Ed ecco il collegamento con la politica: Fabrizio Vigni, che abbiamo visto avere ben tre cariche all’interno di SEI Toscana, è esponente di rilievo del Partito Democratico ed in particolare è presidente nazionale degli Ecologisti Democratici nonché deputato nella XII, XIII e XIV legislatura.

La domanda sorge spontanea, come fa un inceneritorista – ricordiamo che Vigni è nel CDA di Scarlino Energia, proprietaria dell’inceneritore di Scarlino che ha causato emissioni di diossina oltre i limiti da marzo a maggio 2013 – ad essere anche ecologista?

Ma continuiamo…

Altro personaggio di spicco della politica toscana è Moreno Periccioli esponente PD, ex assessore all’ambiente della Regione Toscana nonché presente nel consiglio di amministrazione della Banca Antonveneta controllata dalla Banca Monte dei Paschi di Siena SPA proprietaria della SCARLINO ENERGIA, di cui naturalmente Periccioli ne è il presidente!

Questi intrecci tra affari e politica, tra società presenti con varie quote di partecipazione in quasi tutte le altre società di cui fanno parte esponenti del PD, fanno si che SEI Toscana sia da considerare un unico soggetto politicamente controllato.

Niente di male se il fine ultimo fosse una gestione corretta dei rifiuti come indicano le normative europee, ma andando a vedere l’impiantistica in dotazione del soggetto rileviamo che ci sono all’attivo ben tre inceneritori uno per ogni provincia senza contare l’impianto delle Strillaie, che produce CDR e al quale, l’attuale e precedente classe politica del PD-L locale ha costretto i comuni maremmani a conferire quote elevate di rifiuti indifferenziati per 27 anni ancora. Questo fa presumere che la raccolta differenziata spinta non rientri nelle loro priorità, poiché è statisticamente provato che dove c’è la presenza di un inceneritore la differenziata non riesce a decollare attestandosi su percentuali del 40/45%, ben lontano dalle virtuose percentuali di molte realtà italiane e lontane anche dal 65% prevista dal nuovo piano regionale dei rifiuti da raggiungere entro il 2020, traguardo peraltro che doveva essere già raggiunto nel 2012 secondo i dettami europei – ancora una volta disattesi.

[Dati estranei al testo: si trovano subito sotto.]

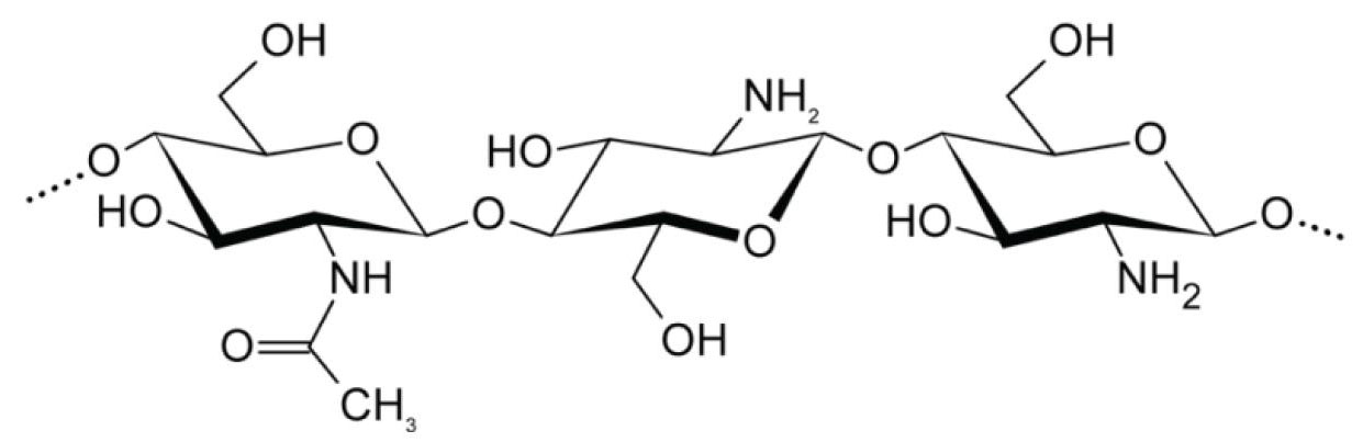 Хитозан представляет собой природный полисахарид, который состоит из звеньев N-ацетилглюкозамина (2-ацетамидо-2-дезокси-β-d-глюкопиранозы) и глюкозамина (2-амино-2-дезокси-β-глюкопиранозы) (рис. 2) [16].

Una politica quindi non centrata nella riduzione dei rifiuti alla fonte né nella valorizzazione dei materiali recuperati da una raccolta differenziata domiciliare. I finanziamenti pubblici (CIP6 pagati con le nostre bollette) fanno ancora gola a molti. Difatti basta verificare le quote di partecipazione a SEI Toscana dei soggetti industriali la cui attività prevalente è legata alla raccolta differenziata, un esempio? La REVET con una quota ridicola del 0,33%!

QUINDI CITTADINI, DIFFIDATE DEI RAPPRESENTATI DEL CENTRO SINISTRA – SPECIALMENTE IN CAMPAGNA ELETTORALE – QUANDO SOSTENGONO DI ESSERE CONTRARI ALL’INCENERITORE DI SCARLINO E RICORDATEVI DI QUESTE INFORMAZIONI CHE VI ABBIAMO FORNITO.

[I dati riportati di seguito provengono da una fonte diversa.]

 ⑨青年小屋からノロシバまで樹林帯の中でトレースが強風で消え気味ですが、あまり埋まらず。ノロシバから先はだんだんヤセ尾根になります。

Sia Leonardo Marras che Eleonora Baldi, rispettivamente  Presidente della Provincia e Sindaco di Follonica,  nelle elezioni amministrative 2009 avevano posizioni anti inceneritoriste, ma l’uno ha concesso tutte le possibili autorizzazioni alla Scarlino Energia, l’altra non ha esteso il porta a porta a tutta la città – pur avendone la possibilità – né adottato le buone pratiche per la riduzione dei rifiuti.

 

Un altro aspetto sul quale il MoVimento vuole accendere i riflettori e richiamare l’attenzione soprattutto dei sindacati e’ quello occupazionale, spetta garantire il diritto al lavoro nonché tutelare i diritti acquisiti dei dipendenti delle società che sono confluite nel SEI Toscana . Nel caso specifico ci riferiamo ai dipendenti del COSECA SPA, non vorremmo, come spesso accade che nel giochino delle fusioni a rimetterci siano sempre e solo i lavoratori salvando invece coloro che occupano i posti di comando.

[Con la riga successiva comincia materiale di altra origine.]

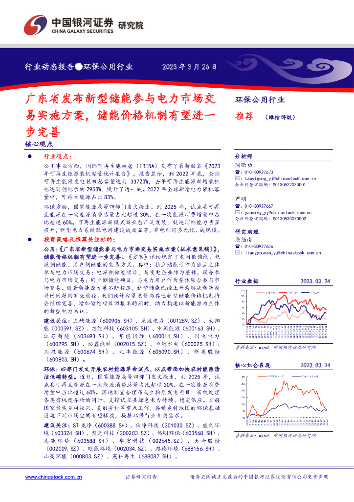 中国银河:环保公用行业动态报告:广东省发布新型储能参与电力市场交易实施方案,储能价格机制有望进一步完善.pdf

Ribadiamo che siamo contrari a questo metodo monopolista del PD nella gestione di servizi pubblici come quello dei rifiuti, un sistema questo in cui la totale ingerenza politica del PD non permette di aprire a nuove tecnologie e soluzioni come la strategia RIFIUTI ZERO, impedendo altresì un’ampia ricaduta occupazionale, per di più inquinando il territorio.

Continueremo ad impegnarci per dare alla cittadinanza più informazione e consapevolezza affinché si liberi dal ricatto occupazionale e dalle varie cambiali politiche, ultime armi che sono rimaste al PD per strappare ancora qualche consenso elettorale.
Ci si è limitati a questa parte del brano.